Saturday, August 11, 2012

material days

An attempt to write something. Again in a geo-transition period (Grinnell-New Zealand in 2009; New Zealand-West Chester 2012), during which my mind becomes mush. Only the most basic words float in the bowl.

I just watched the film Tony Takitani, based on H. Murakami´s short story of the same title. The general plot centers around the loneliness of a man and the relationship with his late wife who was obsessed with buying expensive clothes. The story resonates with what I´ve been experiencing these days. I have spent $______ (a very large amount) in less than a week. I have never ever spent money like this before nor have I ever had the desire to. Plane tickets, apartment deposit and first month rent, new laptop, new furniture… Having to leave so much behind in New Zealand has meant having to re-buy so many things, again. A waste of time? (Not in the long run.) While I can feel a moment of excitement at purchasing something new, or finding some interesting design or color, overall, having to consume so much (especially at massive corps like IKEA and Bed Bath and Beyond) leaves me with a very empty feeling, sometimes a guilty feeling.

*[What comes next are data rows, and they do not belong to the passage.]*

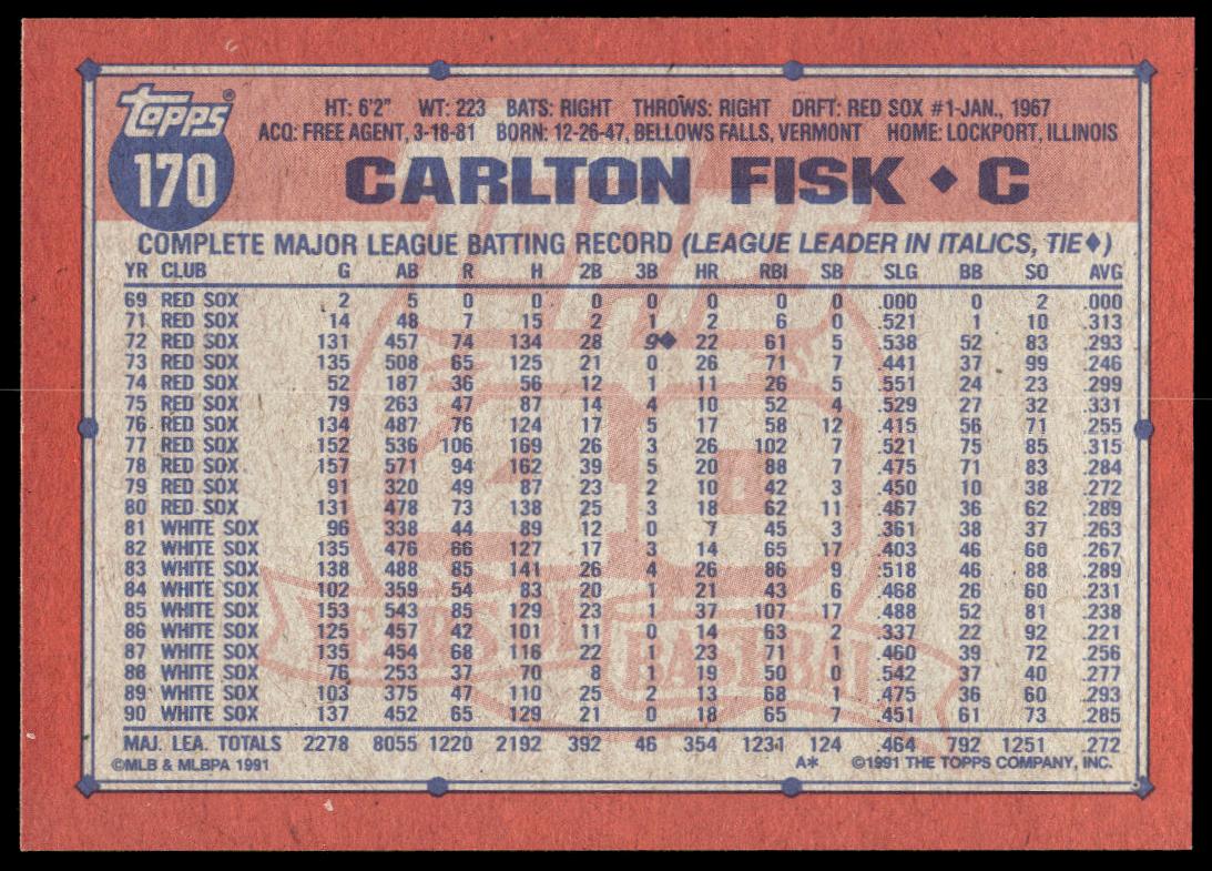 This Baseball card, from 1991 is part of the Topps  card set. Carlton Fisk is featured and has a card number of 170.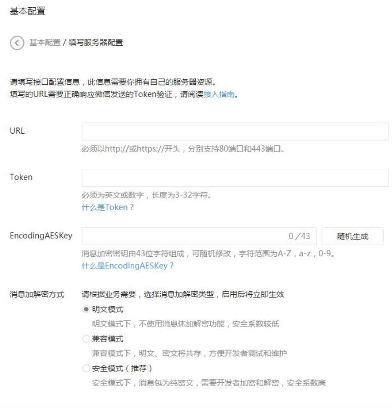 下面是基本配置的页面,在URL中填写服务器地址,这个地址就是接受微信推送事件的一个接口,我是使用thinkPHP框架开发的程序,在其中一个Module(Decoration)的Action目录下新建一个类,比如叫: WechatAction.class.php ,在该Action中新建一个public方法,比如叫: URLRedirect() ,那么在这个URL中填写的就是 http://[IP]:[port]/index.php/Decoration/Wechat/UrlRedirect ,然后填写Token,Token随意填,EncodingAESKey要不要都行,然后点击确认,微信会往这个URL上发送一个get请求,里面包含很多参数,其中大部分都是让我们自己核对这次访问是不是微信服务器请求的,我自己没有验证,他的要求是如果我们核对成功,即原样返回get请求中的一个参数echostr,这里的返回不是return,也不是ajaxReturn,而使用echo,如果用thinkPHP开发的话,直接使用 echo I('echostr'); 即可。然后接口即验证成功了。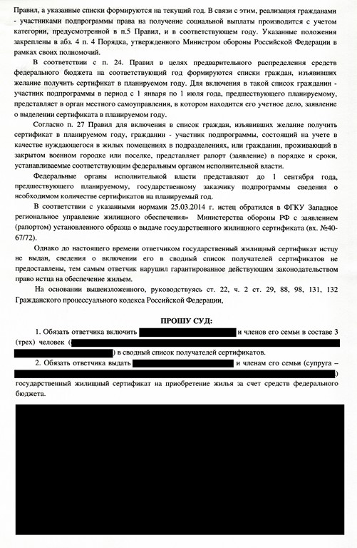 Вот ссылочка на опеляцию https://rospravosudie.com/court-zabajka ... 450693684/. Исковое заявление сейчас найду и выложу. В кратце: обязать ГКУ Западрегионжилье включить меня и членов моей семьи в сводный список получателей ГЖС, а также выдать ГЖС.

I suppose I could enjoy it more if I was sharing the shopping. But, I´m shopping alone and placing the objects in a single apartment where they will live only with me.  Hopefully I will have company at some time. “So-and-so, I´d like you to meet Volmar Swivel Chair.”

What really matters? It´s all so relative; writing this will make no difference whatsoever. I just like to see the font of the published blog entry.